Я снял шляпу и поклонился даровитому и любимому русскому человеку.

— Ну, теперь мы услышим его речи в Думе. Много ли взяли: все же он будет там и будет говорить.

— Как хорошо, что мы все обозлились!

— Отлично, что обозлились.

— И дождь кстати, и ветер, и холод! Все вали сюда, чтобы кипела злоба,

— тем лучше!

Все смеялись. Разом почему-то всем сделалось весело.

— Это они, черти, такую встречу устроили из ненависти к Думе. Тут не Петров, а то, что он — член Думы, и вот когда можно ему подгадить еще до Таврического дворца, то и подгадили. О, как мы верим всему, на что жаловались провинциальные депутаты, когда отправлялись сюда. Если в Петербурге возможна такая гадость, под самым носом Думы и перед глазами иностранных корреспондентов и всего дипломатического корпуса, то что же творится по губерниям, по уездам! Что, наконец, творится по селам!

Я выглядывал извозчика. Далеко вдали гудело «ура». Послышался топот, и огромный отряд конной полиции (жандармов) показался сзади. Впереди ехал в туго затянутом пальто жандармский офицер. Я загляделся. Он был очень красив этой суровой мужской красотой, и лицо у него было разгневанное и умное. Усы огромные. Голова опущенная. Он был чем-то явно недоволен, почти разъярен.

Уж не сделал ли он «упущения по службе» и каялся? Не жалел ли, что допустил все-таки демонстрацию, которая вышла как-то экспромтом, и вышла, в сущности, удивительно, одушевленно, явно удачно, хотя и вполне непредвиденно? Не жалел ли, что не пустил «команду» вскачь, чтобы «очистить улицу» перед самым проездом? Или, по крайней мере, наказать толпу сейчас же вслед?

Конечно, сотни тайных глаз наблюдали и за его распоряжениями, и через час в двух-трех местах «будет доложено» об этих распоряжениях со всей аккуратностью, точностью и, может быть, оттенком клеветы. У всех есть «враги», не исключая даже и жандармских офицеров.

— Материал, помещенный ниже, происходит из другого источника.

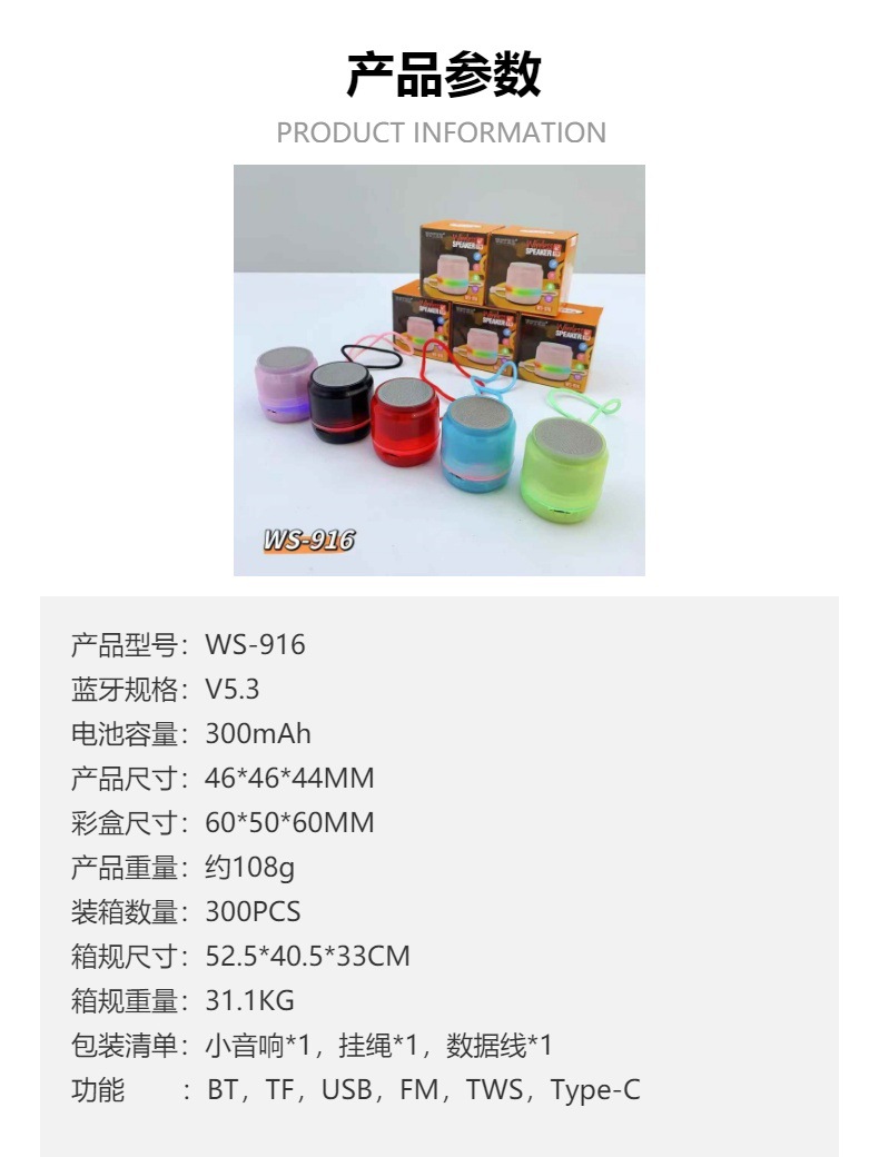 국경 간 새로운 유리 RGB 미니 오디오 선물 서브 우퍼 대용량 WS916 카드 포켓 블루투스 스피커

Он совсем ехал близко. Совсем серьезное лицо, ей-ей, государственное, по крайней мере, гораздо солиднее и политичнее, нежели у Ив. Н. Дурново. Вдруг он, не оглядываясь назад, высоко махнул левою рукою и в ту же минуту стал заворачивать лошадь. Едет прямо на меня! Воображая, что он сейчас велит ударить публику «в нагайки», я, не торгуясь, вскочил в пролетку и дал адрес извозчику. Но задержался. Оказалось, он скомандовал назад и так же, впереди отряда, повел его обратно куда-то, к вокзалу или куда еще, — я уже не видел.

На этот раз «конституция» была спасена: я не был побит.

Мне казалось, что когда кричали «ура», так народно и хорошо, то слышалась именно месть грубому и дикому, месть нелюбящему и ненавидящему:

— Любим! Любим! Ругайтесь и плюйтесь, грозите, морозьте на холоду, — мы все же его любим и не боимся сказать, что любим!

— И будем ждать хоть на холоду, стоять в грязи, под дождем, чтобы показать именно вам, как мы любим ненавидимого вами, кого вы считаете врагом своим! За что вы нас заставили маяться, дрожать, простуживаться? Кто и что вам сделал дурного, вредного? У, вы всех ненавидите! И за это вас все ненавидят.

Для встречи своих, какого-нибудь своего архигенерала, устройте хоть оранжерею, хоть теплицу с цветами, — никто его встретить не пойдет, никто за экипажем его не побежит. И вы это знаете. И за это так ненавидите «встречи» наших. Но перед самым вашим носом кричим «ура» и бежим по грязи, падаем и все же бежим, с восторгом, радостью, с гневом и яростью к вам!

Все это слышалось. И я вспомнил из «Цыган» Пушкина эту песнь Земфиры:

Грозный муж!
Старый муж!
Режь меня,
Жги меня, —
Ненавижу тебя!

Право, эта сцена из Пушкина точно разыгралась сегодня передо мною. Да ведь не в том ли романтическая сущность и всего освободительного движения, что молодая цыганка-Русь разлюбила «старого мужа», которого долго любила и была ему верна, и бурною страстью вспыхнула к прекрасному юноше.

С одной стороны:

Его любовь постыла мне:
Мне скучно, сердце воли просит...

И с другой:

Он свежее весны,
Жарче летнего дня!
Как он молод и смел!
Как он любит меня!

Так обнялась молодая Россия с весной, с ожиданием, со свободой, наукой... И пусть скрежещет зубами бессильная старость...


Впервые опубликовано: Русское слово. 1907. 18 мая. № 113.

Василий Васильевич Розанов (1856-1919) - русский религиозный философ, литературный критик и публицист, один из самых противоречивых русских философов XX века.